- WORK INSTRUCTIONS: Beginning at the line that contains "2024年1月20日,參演的", reproduce the entries below exactly, ending with the line that contains "12 Piece Napkin". Omit each picture.

====== INPUT ======

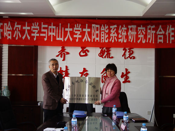 我校通信与电子工程学院常务副院长姚仲敏与中山大学太阳能研究所所长沈辉为光伏系统联合实验室举行了揭牌仪式。
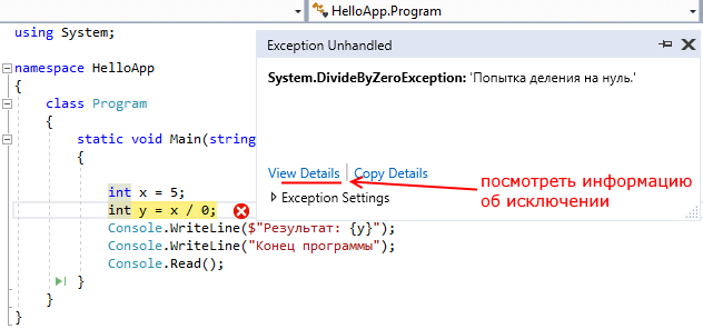 В этом окошке мы видим, что возникло исключение, которое представляет тип System.DivideByZeroException, то есть попытка деления на ноль. С помощью пункта View Details можно посмотреть более детальную информацию об исключении.
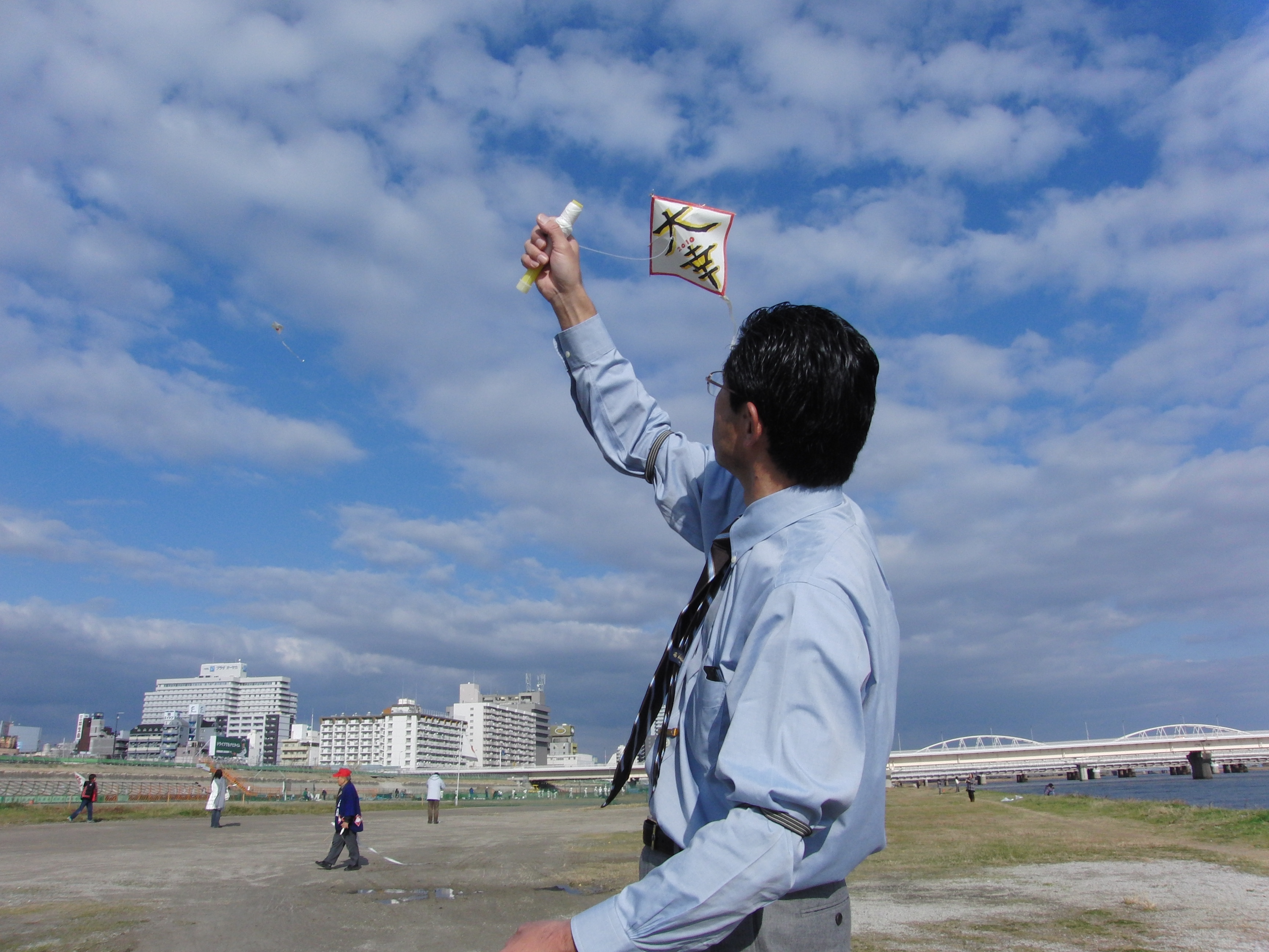 私も、初めは子供たちの凧あげを手伝っていたのですが、
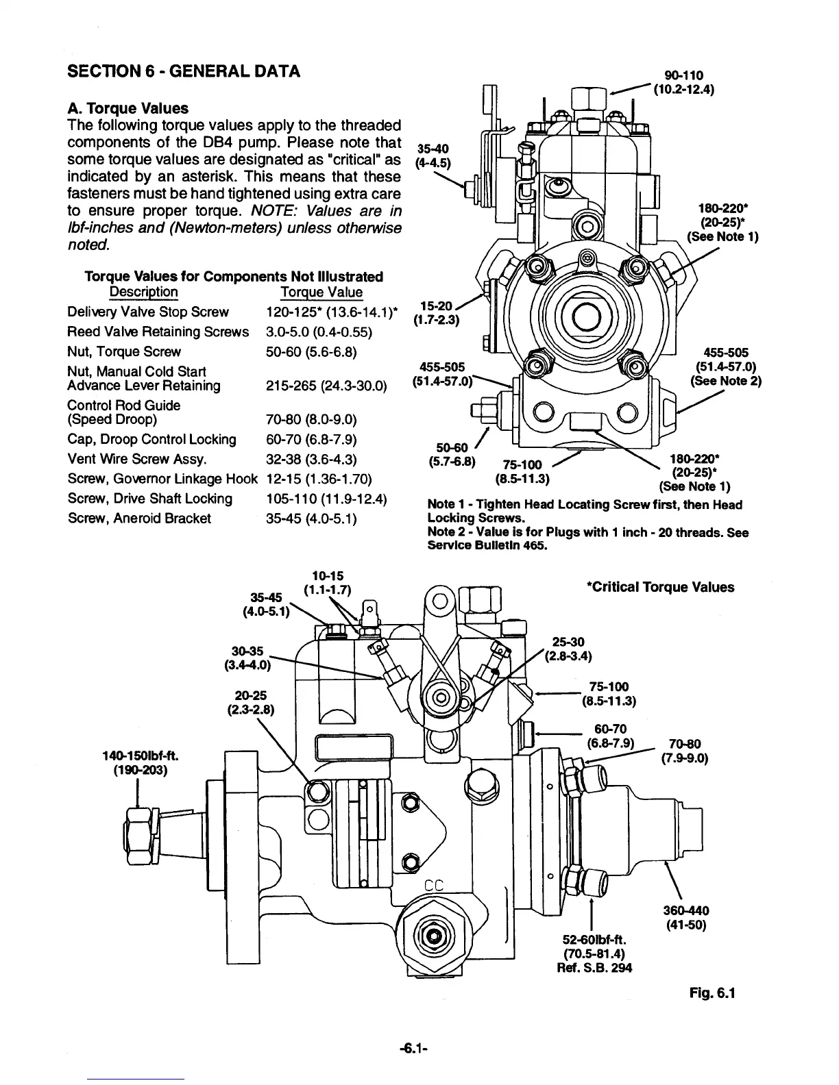 Stanadyne DB4 - Section 6: General Data; Component Torque Values
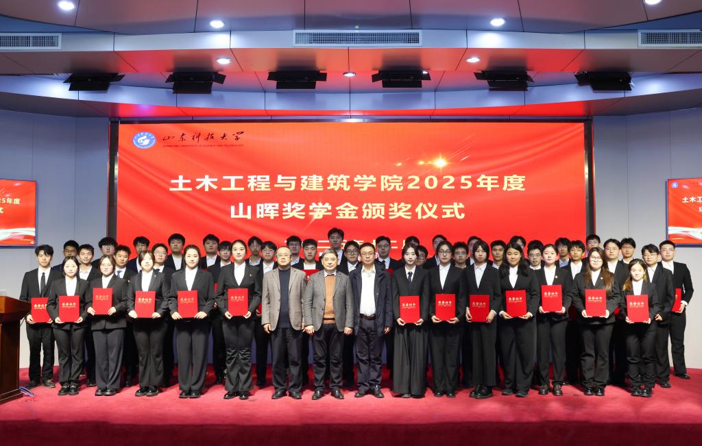 报告会后,为激励青年学生见贤思齐,勇攀科学高峰,向以刘泉声院士为代表的杰出科学家们学习,土建学院举行山晖奖学金颁奖仪式。刘泉声院士、陈绍杰共同为获奖学生代表颁发证书。刘泉声院士深情寄语,勉励同学们要珍惜学习时光,夯实专业基础,传承坚韧不拔、发奋图强的科大精神和陈子荫先生学术思想,树立远大理想,努力成长为可堪大用、能担重任的栋梁之才。
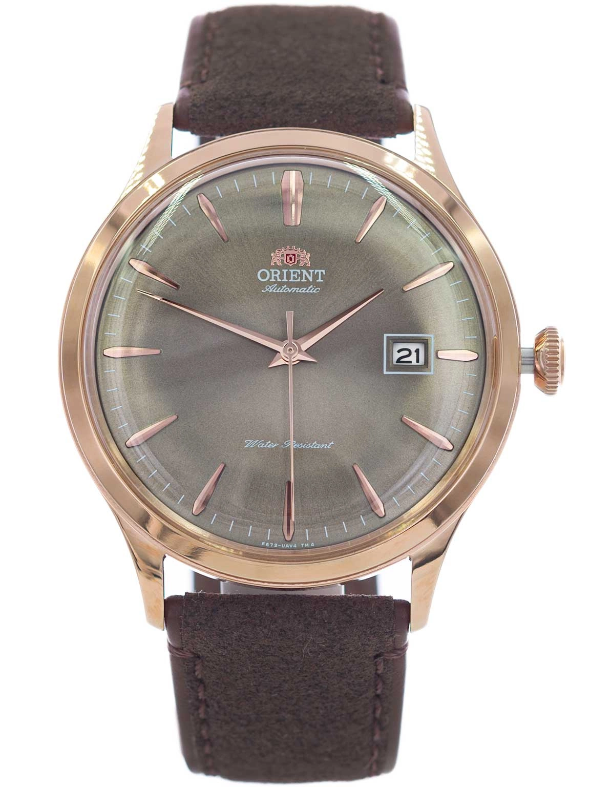 Tarcza zegarka w ciepłym odcieniu brązu charakteryzuje się minimalistycznym, ale eleganckim designem. Precyzyjnie wykonane indeksy i cienkie wskazówki w kolorze różowego złota, kontrastują z ciemniejszym tłem tarczy, co nadaje zegarkowi wyrafinowanego wyglądu. Zegarek wyposażony jest także w praktyczny datownik na godzinie trzeciej, który umożliwia łatwe odczytanie daty. Całość jest chroniona przez szkło mineralne, które gwarantuje odporność na drobne zarysowania i wysoką przejrzystość. Model Orient RA-AC0P04Y30B Bambino jest dostarczany w eleganckim opakowaniu, które sprawdzi się jako opakowanie na prezent. To zegarek, który łączy w sobie klasyczny styl, nowoczesną technologię i niezawodną precyzję, stanowiąc doskonały wybór na każdą okazję.
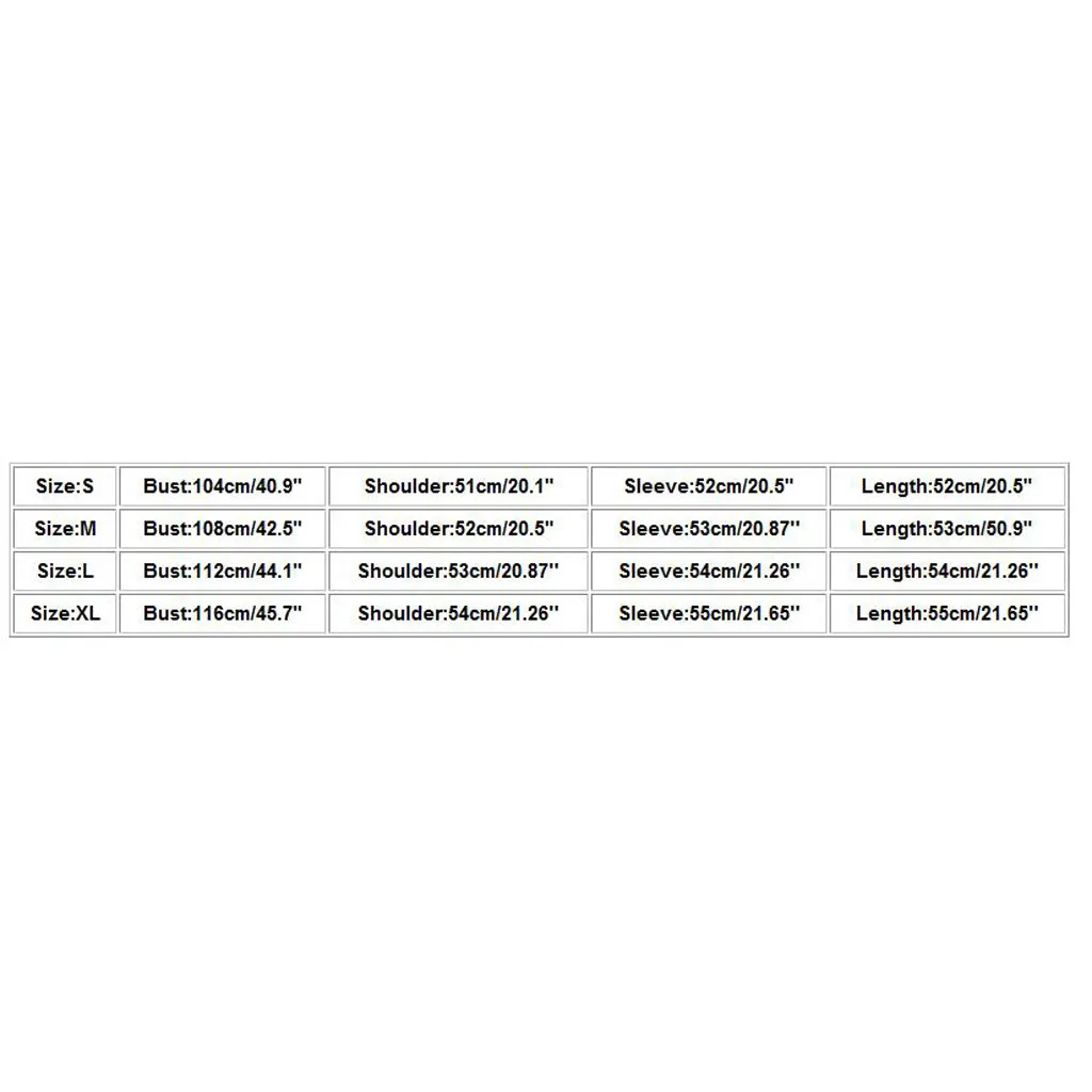 | Размеры: L | Бюст: 112 см/44,1" | Плечо: 53 см/20,87 дюйма | Рукав: 54 см/21,26 дюйма | Длина: 54 см/21,26'' |
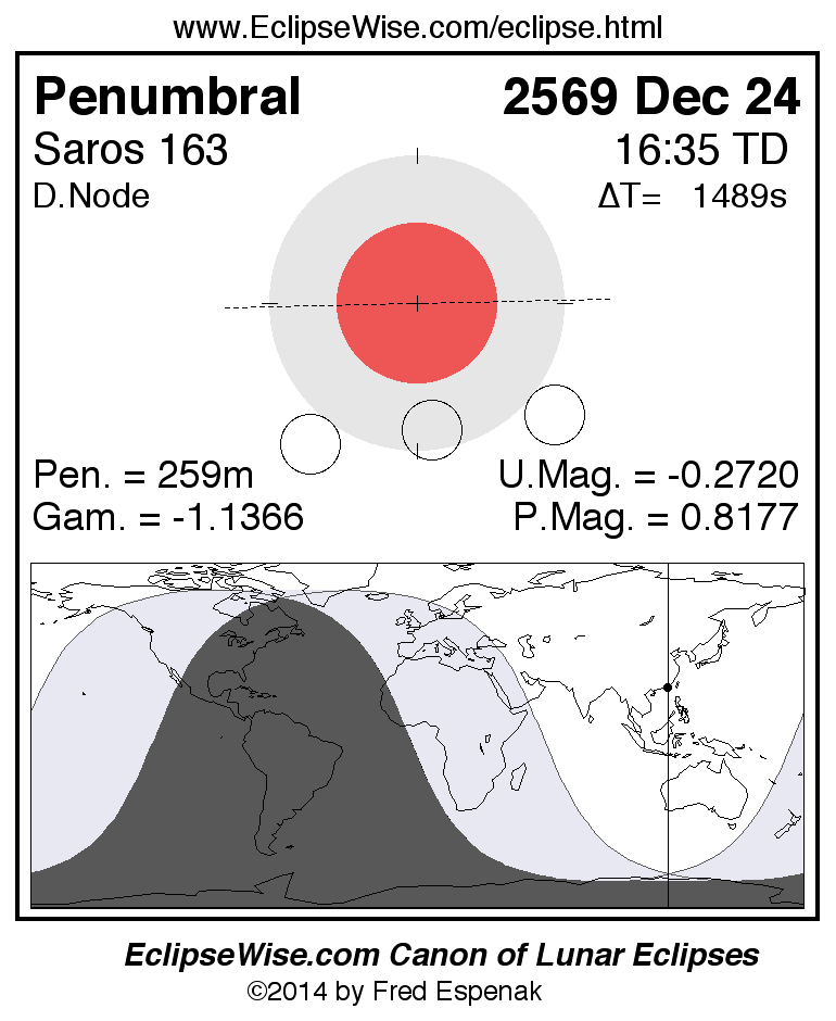 The penumbral lunar eclipse of 2569 Dec 24 is preceded two weeks earlier by a total solar eclipse on 2569 Dec 09.
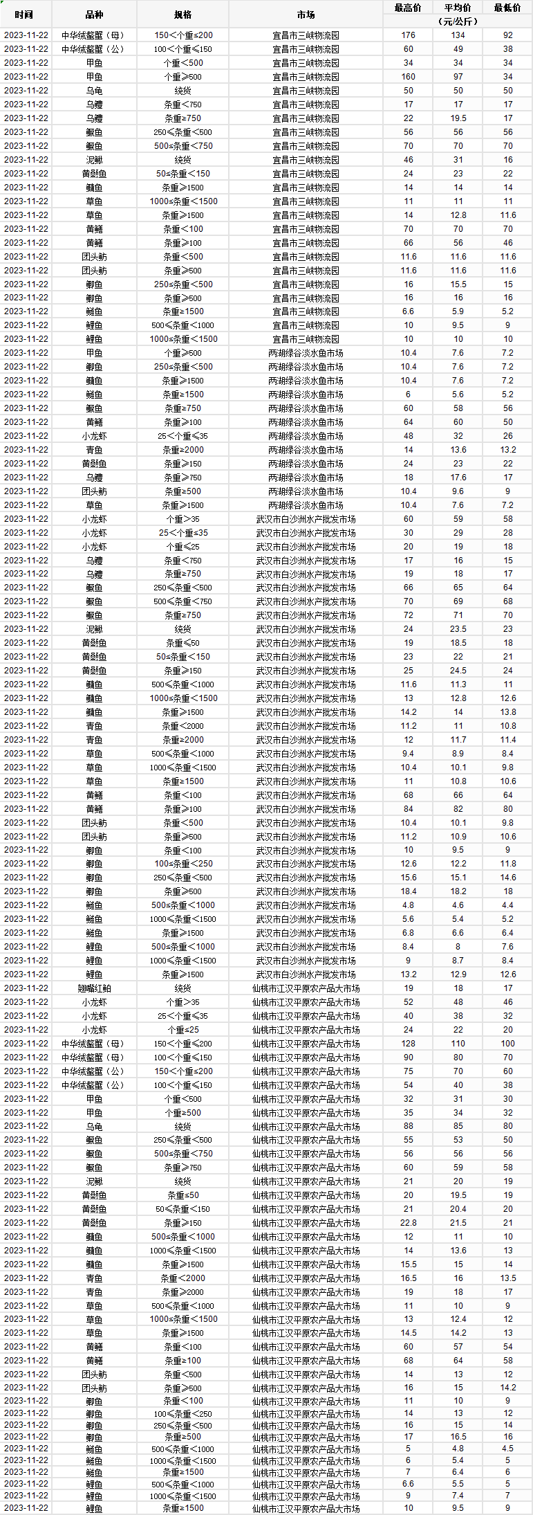 2023年11月22日 行情|湖北省主要水产品价格明细
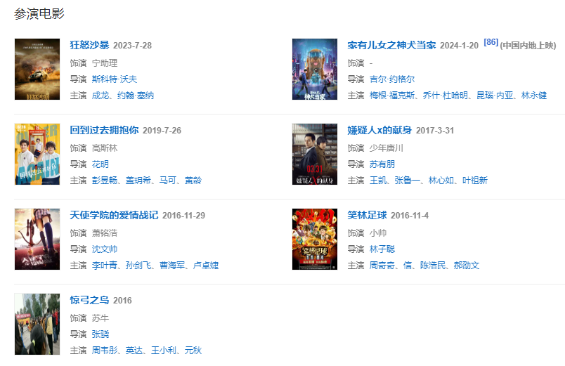 2024年1月20日,參演的電影《家有兒女之神犬當(dāng)家》在中國內(nèi)地上映。2月24日,參演的電視劇《逍遙》發(fā)布海報(bào)。
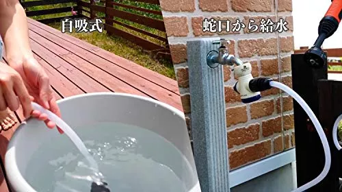自吸式とは、バケツなどに自分で水をためて給水する方法です。お風呂の残り湯など生活用水を活用できるメリットがある反面、水を容器にためておく手間がかかります。少しでも節水したい方にぴったりです。
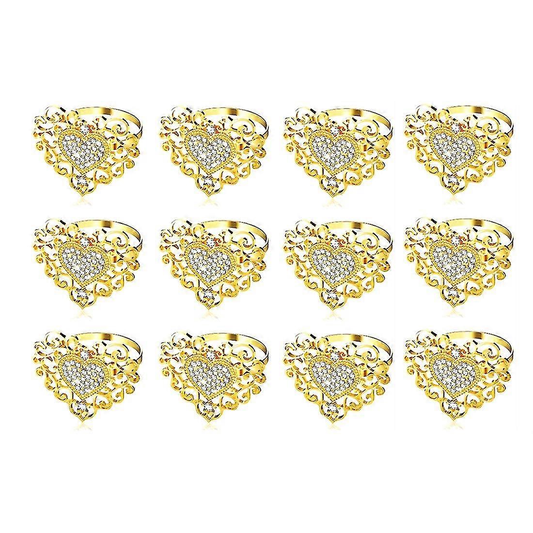 12 Piece Napkin Rings Holder Heart Napkin Ring Rhinestone Napkin Buckle For Valentine Wedding Holid
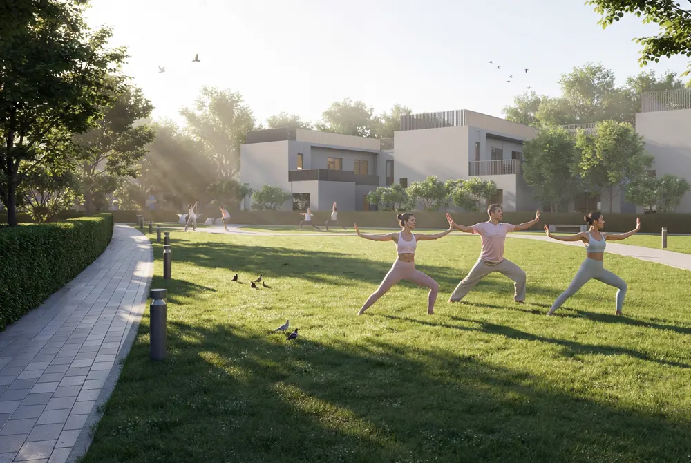 The development creates an environment which allows residents to experience both comfort and privacy while developing strong connections with their neighbors in a peaceful residential area. The following amenities include all essential elements which create a space that enables modern families to relax and handle their daily activities.

======

- ANSWER TO THIS EXERCISE:
 2024年1月20日,參演的電影《家有兒女之神犬當(dāng)家》在中國內(nèi)地上映。2月24日,參演的電視劇《逍遙》發(fā)布海報(bào)。
自吸式とは、バケツなどに自分で水をためて給水する方法です。お風呂の残り湯など生活用水を活用できるメリットがある反面、水を容器にためておく手間がかかります。少しでも節水したい方にぴったりです。
 12 Piece Napkin Rings Holder Heart Napkin Ring Rhinestone Napkin Buckle For Valentine Wedding Holid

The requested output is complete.